▸ EXERCISE REQUIREMENTS
Beneath this line sits some data. Return only its lines from the one holding "絨毯のような布? を、ベニヤ" through the one holding "Kabelečka má nastavitelný", inclusive, exactly, with the images removed.

▸ INFORMATION PROVIDED
********************
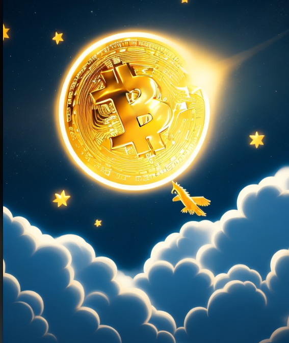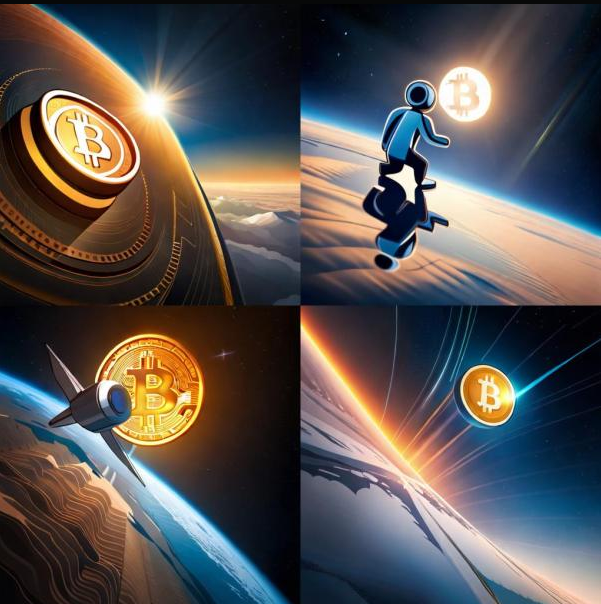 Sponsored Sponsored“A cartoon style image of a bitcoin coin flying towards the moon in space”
********************
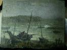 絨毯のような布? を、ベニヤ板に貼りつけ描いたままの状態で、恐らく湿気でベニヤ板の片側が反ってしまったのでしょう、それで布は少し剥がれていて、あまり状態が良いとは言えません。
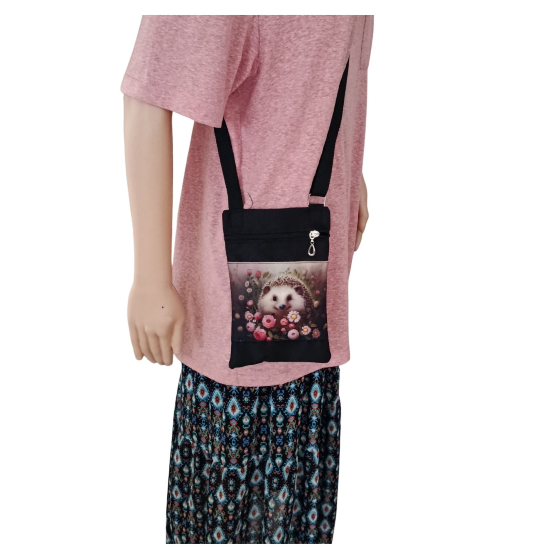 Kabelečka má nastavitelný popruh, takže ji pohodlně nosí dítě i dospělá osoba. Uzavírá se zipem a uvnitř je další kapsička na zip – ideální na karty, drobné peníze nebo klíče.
********************
▸ EXERCISE SOLUTION
 絨毯のような布? を、ベニヤ板に貼りつけ描いたままの状態で、恐らく湿気でベニヤ板の片側が反ってしまったのでしょう、それで布は少し剥がれていて、あまり状態が良いとは言えません。
 Kabelečka má nastavitelný popruh, takže ji pohodlně nosí dítě i dospělá osoba. Uzavírá se zipem a uvnitř je další kapsička na zip – ideální na karty, drobné peníze nebo klíče.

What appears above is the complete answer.